▸ **DATA SUPPLIED**
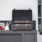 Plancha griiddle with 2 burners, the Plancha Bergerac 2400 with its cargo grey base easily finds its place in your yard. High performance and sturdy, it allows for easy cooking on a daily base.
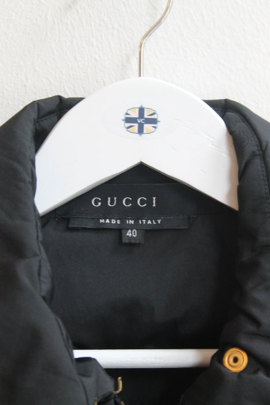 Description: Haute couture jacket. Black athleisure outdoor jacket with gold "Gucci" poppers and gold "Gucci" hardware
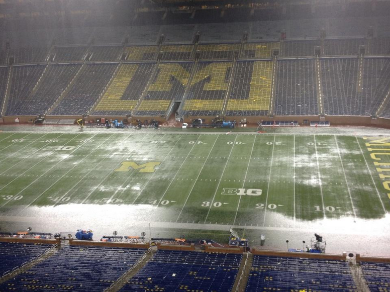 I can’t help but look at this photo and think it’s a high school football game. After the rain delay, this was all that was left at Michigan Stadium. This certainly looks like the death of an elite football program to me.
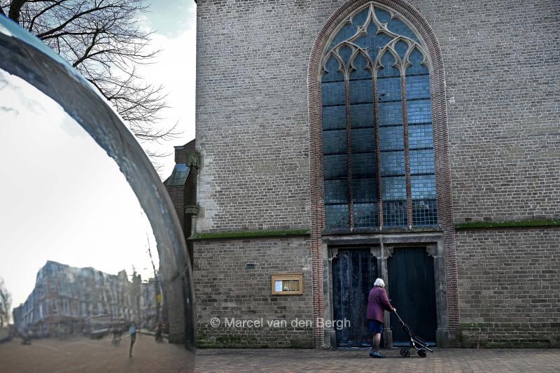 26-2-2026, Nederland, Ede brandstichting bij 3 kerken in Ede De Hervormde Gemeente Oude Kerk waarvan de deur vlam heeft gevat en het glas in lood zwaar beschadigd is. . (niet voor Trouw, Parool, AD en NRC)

---

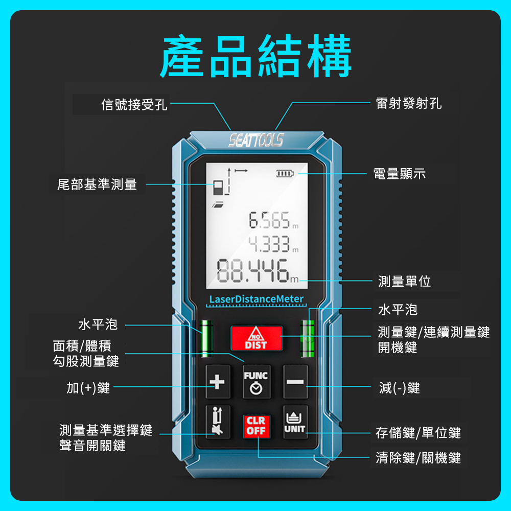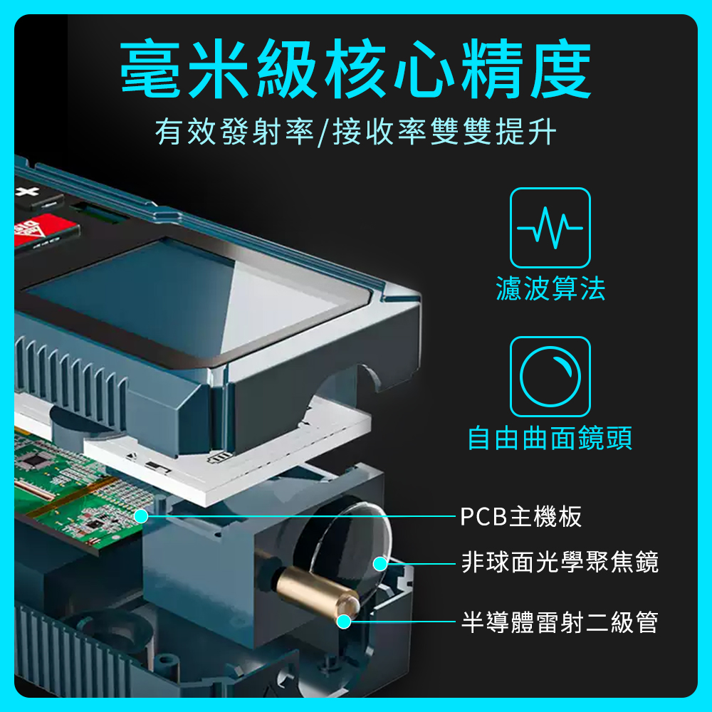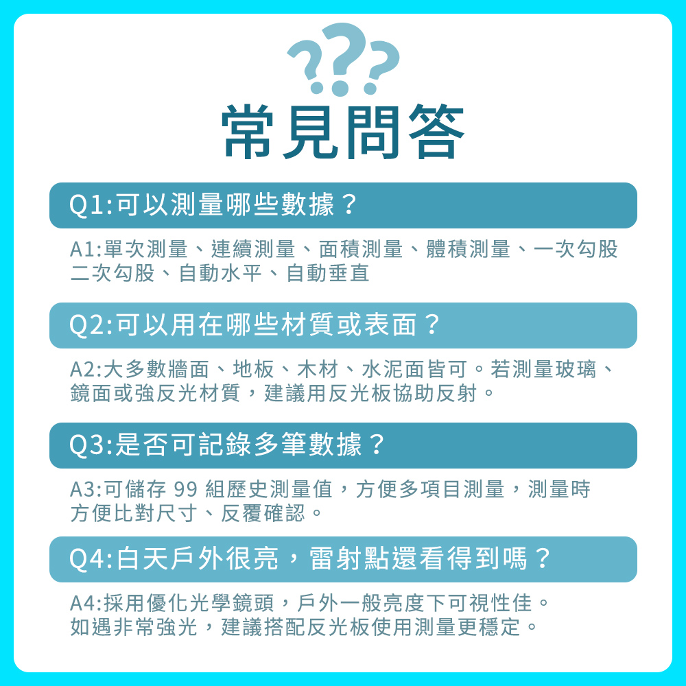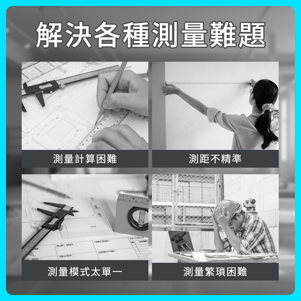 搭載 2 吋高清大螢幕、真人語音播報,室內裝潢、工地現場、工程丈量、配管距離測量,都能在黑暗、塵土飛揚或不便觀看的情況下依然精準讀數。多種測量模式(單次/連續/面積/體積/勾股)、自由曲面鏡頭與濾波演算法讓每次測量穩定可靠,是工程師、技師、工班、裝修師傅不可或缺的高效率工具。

---

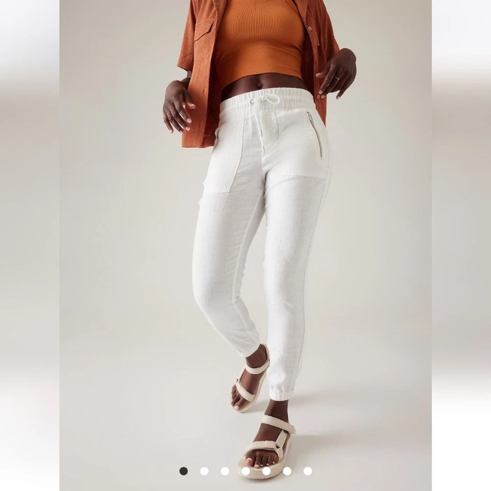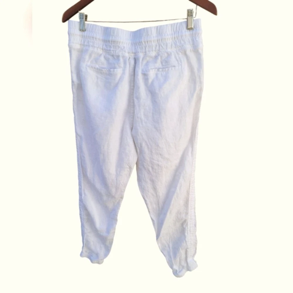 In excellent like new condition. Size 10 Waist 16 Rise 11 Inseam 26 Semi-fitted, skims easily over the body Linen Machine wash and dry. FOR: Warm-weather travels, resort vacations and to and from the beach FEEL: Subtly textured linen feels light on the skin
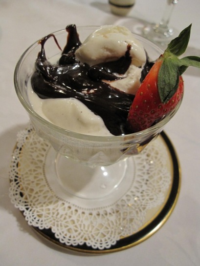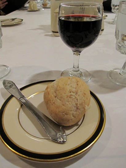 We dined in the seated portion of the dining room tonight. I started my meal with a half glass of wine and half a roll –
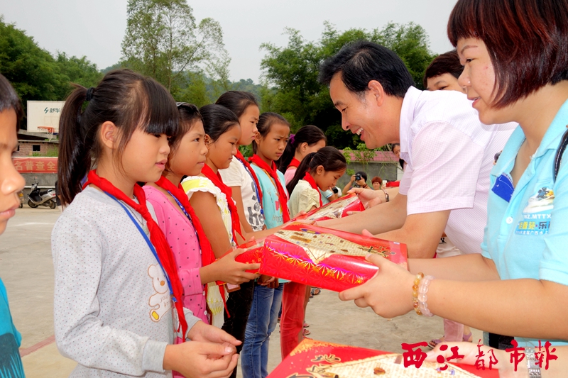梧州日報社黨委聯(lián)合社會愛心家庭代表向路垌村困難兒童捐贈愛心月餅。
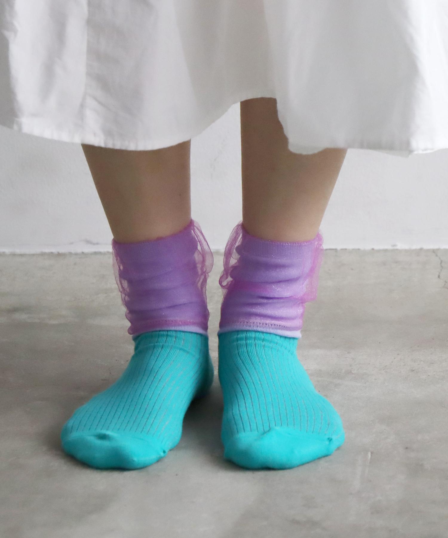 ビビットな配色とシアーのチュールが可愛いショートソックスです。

▸ **WHAT IS NEEDED**
Of the lines above, quote exactly those from the one with "梧州日報社黨委聯(lián)合社會愛心家庭代表向路垌村困難兒童捐贈愛心月餅。" through the one with "ビビットな配色とシアーのチュールが可愛いショートソックスです。", ends included; pictures stay out.

▸ **WRITTEN SOLUTION**
梧州日報社黨委聯(lián)合社會愛心家庭代表向路垌村困難兒童捐贈愛心月餅。
 ビビットな配色とシアーのチュールが可愛いショートソックスです。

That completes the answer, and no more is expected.